What are the lines, word for word, from the line with "Στον καμβά, στο" up to and including the line with "Selecionar a opção" in the records below? Omit the pictures.
-- Data excerpts follows --
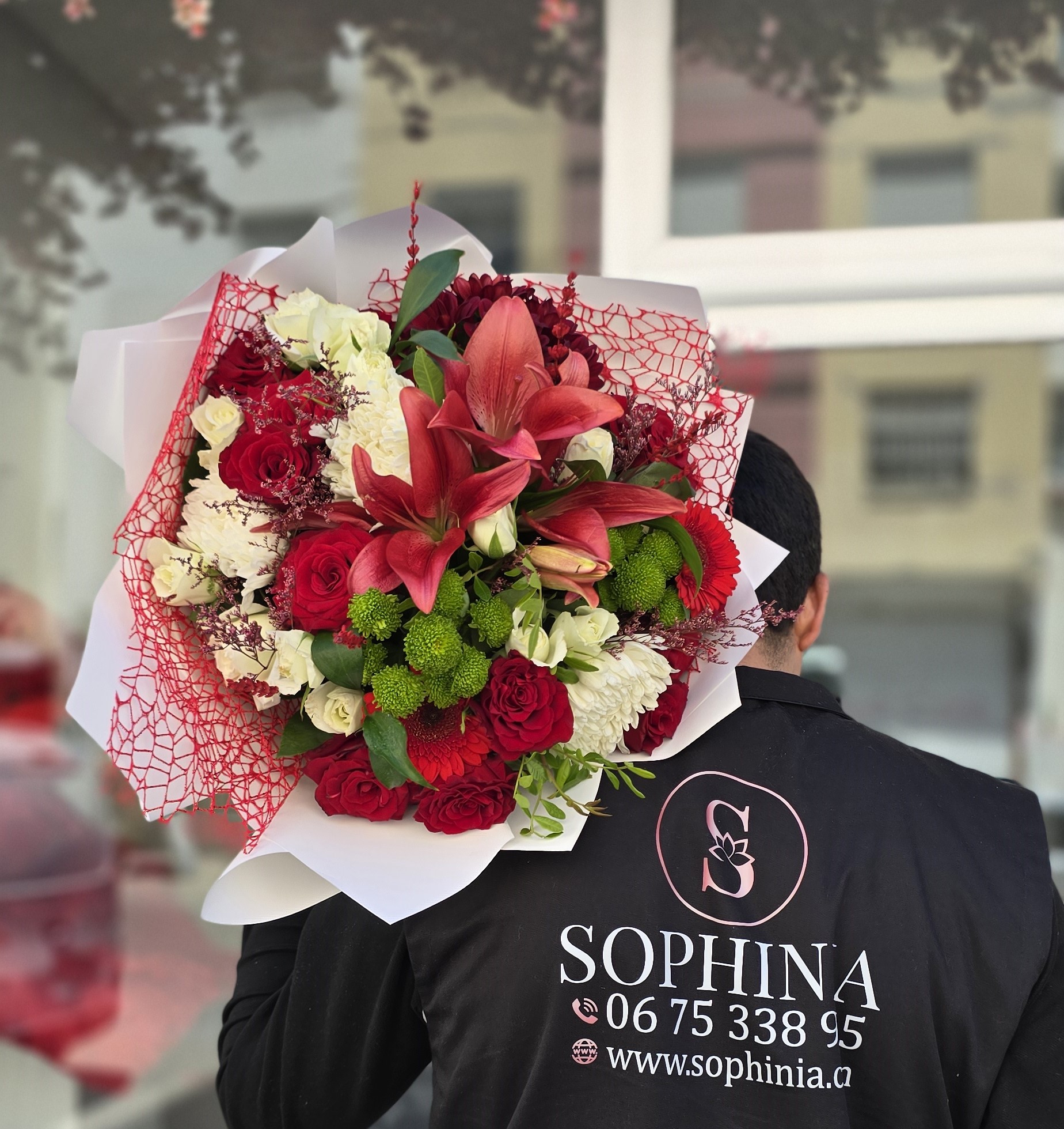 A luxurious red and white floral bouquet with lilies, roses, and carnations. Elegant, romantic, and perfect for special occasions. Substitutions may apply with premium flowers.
-- Data excerpts concluded --
-- Data excerpts follows --
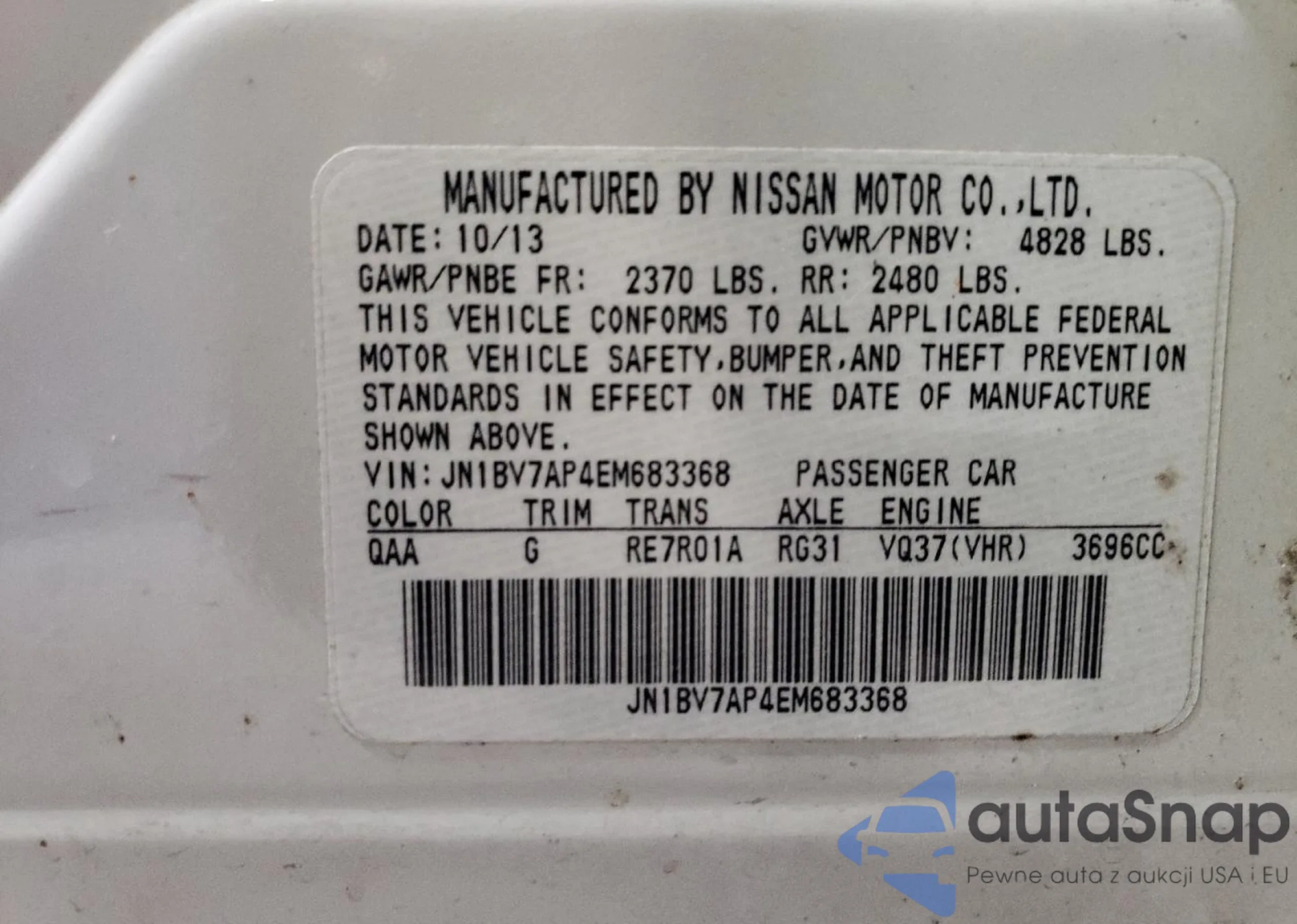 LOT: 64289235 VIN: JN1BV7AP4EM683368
-- Data excerpts concluded --
-- Data excerpts follows --
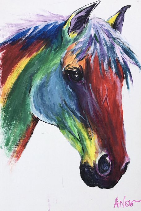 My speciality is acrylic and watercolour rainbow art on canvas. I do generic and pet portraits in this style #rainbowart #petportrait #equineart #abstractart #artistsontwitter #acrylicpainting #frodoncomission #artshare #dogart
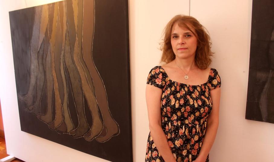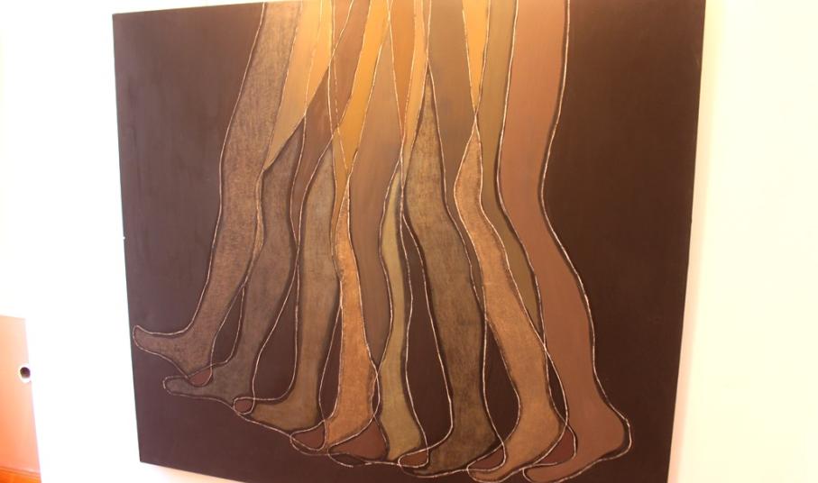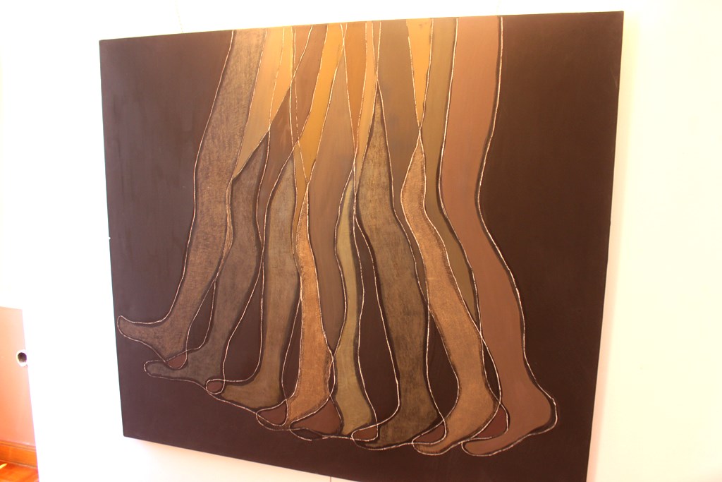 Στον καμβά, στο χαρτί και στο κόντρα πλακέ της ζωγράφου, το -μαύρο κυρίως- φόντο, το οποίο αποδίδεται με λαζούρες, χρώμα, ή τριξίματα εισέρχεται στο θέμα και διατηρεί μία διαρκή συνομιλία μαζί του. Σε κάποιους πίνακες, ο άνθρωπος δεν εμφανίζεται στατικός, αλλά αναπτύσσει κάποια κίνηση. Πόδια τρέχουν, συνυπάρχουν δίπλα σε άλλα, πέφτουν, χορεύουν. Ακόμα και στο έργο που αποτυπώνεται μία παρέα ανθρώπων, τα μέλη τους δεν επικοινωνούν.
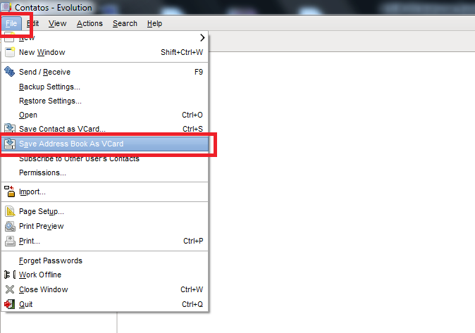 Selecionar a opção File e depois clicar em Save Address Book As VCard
-- Data excerpts concluded --
Answer box ▸
 Στον καμβά, στο χαρτί και στο κόντρα πλακέ της ζωγράφου, το -μαύρο κυρίως- φόντο, το οποίο αποδίδεται με λαζούρες, χρώμα, ή τριξίματα εισέρχεται στο θέμα και διατηρεί μία διαρκή συνομιλία μαζί του. Σε κάποιους πίνακες, ο άνθρωπος δεν εμφανίζεται στατικός, αλλά αναπτύσσει κάποια κίνηση. Πόδια τρέχουν, συνυπάρχουν δίπλα σε άλλα, πέφτουν, χορεύουν. Ακόμα και στο έργο που αποτυπώνεται μία παρέα ανθρώπων, τα μέλη τους δεν επικοινωνούν.
 Selecionar a opção File e depois clicar em Save Address Book As VCard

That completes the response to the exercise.